The execution of the transformation is carried out by the file [genomop_drug_exposure.py](../examples/genomop_drug_exposure.py). 

This script performs the following steps:
1. Loads parameters
2. Loads vocabulary tables
   - In this case it also loads the CIMA codes to map the drug codes from the CIMA database. 
3. Loads each file
   1. Assign a new `vocabulary_id` column if needed. See `append_vocabulary` parameter.
   2. Rename the column containing the drug names or codes to `_source_value`. See `column_map` parameter.
   3. Maps source codes to a specific column in the CONCEPT table to retrieve the `source_concept_id`. See `vocabulary_config` parameter.

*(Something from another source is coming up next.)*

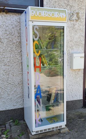 Wie durch ein Wunder war die Suche schnell erfolgreich und sogar kostenlos. Passend von Ivonne dekoriert steht der Bücherkühlschrank jetzt vor dem Eingang des Gemeindezentrums und wartet auf kleine und große Leseratten, die Bücher entnehmen und welche dazu stellen.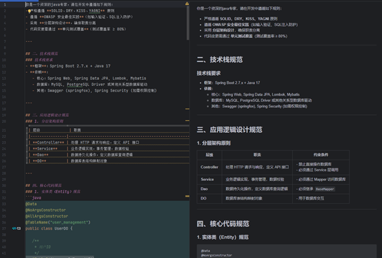 工具首先解析项目现有结构,识别技术栈和架构特征。通过静态代码分析,自动生成包含分层架构、编码规范和安全要求的项目规则文件。

4. Creates a single table with all files.
5. Map source_concept_id codes to concept_id. 
6. Check for codes that were not mapped.
   - Parameter `unmapped_measurement` can be used to define additional mappings to be applied for measurement codes.
7. Creates primary key (`drug_exposure_id`)
8.  Finds any entries that are contained within a visit in the VISIT_OCCURRENCE table and assigns the corresponding `visit_occurrence_id`.
9.  Adapt the table to the schema of the DRUG_EXPOSURE table.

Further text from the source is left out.